Israel mata a 3 cascos azules y cientos de civiles en Líbano: ¿crimen de guerra?
La muerte de tres cascos azules de la ONU a manos de las fuerzas israelíes en Líbano, junto con la masacre de cientos de mujeres y niños, ha llevado a más de 60 países a calificar el hecho como crimen de guerra. El ataque a la misión de paz de Naciones Unidas, la FINUL, no es un incidente aislado, sino la culminación de una escalada que deja al derecho internacional en papel mojado.
El ataque a la FINUL: ¿error o advertencia?
El ejército israelí atacó directamente posiciones de los cascos azules en el sur del Líbano, causando al menos tres muertos y varios heridos. La FINUL, creada en 1978 para supervisar la retirada israelí, ha sido sistemáticamente ignorada por ambas partes. En este caso, el ataque no fue accidental: las fuerzas israelíes operan con total impunidad, sabiendo que la ONU carece de capacidad de respuesta. Los datos hablan: desde su creación, la FINUL ha sufrido decenas de bajas, pero nunca ha podido cumplir su mandato de desarmar a Hezbolá o frenar las incursiones israelíes.
El doble rasero occidental: Ucrania sí, Palestina no
La comunidad internacional reacciona con rapidez cuando Rusia ataca infraestructuras civiles en Ucrania, pero guarda silencio ante los bombardeos israelíes sobre Gaza y Líbano. Este doble rasero es el núcleo del debate. Mientras que 60 países condenan el asesinato de los cascos azules, las potencias occidentales, encabezadas por Estados Unidos, no aplican sanciones a Israel.
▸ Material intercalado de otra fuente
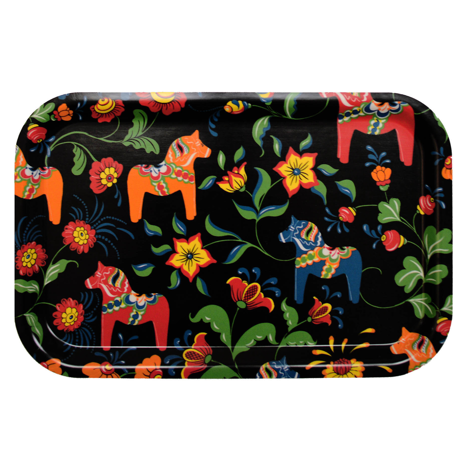 Bricka Leksand från Arvidssons Textil. Svenskdesignat mönster av Carola Bengtsson-Malmström. Med dalahästar och kurbitsmotiv i glada färger. Tillverkad i Sverige.

En contraste, las acciones de Rusia en Ucrania han generado oleadas de sanciones y aislamiento diplomático. La pregunta que flota en el aire: ¿el derecho internacional sirve para todos o solo para los enemigos de Occidente?
La ley del más fuerte como nuevo orden
El ataque a los cascos azules no es un hecho aislado, sino un síntoma de la descomposición del sistema multilateral. La ONU, según muchos analistas, es un cadáver con maquillaje. Las resoluciones del Consejo de Seguridad son papel mojado cuando chocan con los intereses de un miembro permanente o de su aliado. El resultado es que el derecho internacional se aplica de forma selectiva, y quienes tienen poder militar imponen su ley. La guerra de Ucrania y la masacre en Gaza son dos caras de la misma moneda: el retorno a la ley de la jungla.
La cuestión que queda sin respuesta es si la comunidad internacional será capaz de reconstruir un orden basado en reglas, o si hemos entrado definitivamente en una era donde el poder define la legalidad. Mientras tanto, los cascos azules siguen muriendo en misiones de paz que ya no protegen a nadie.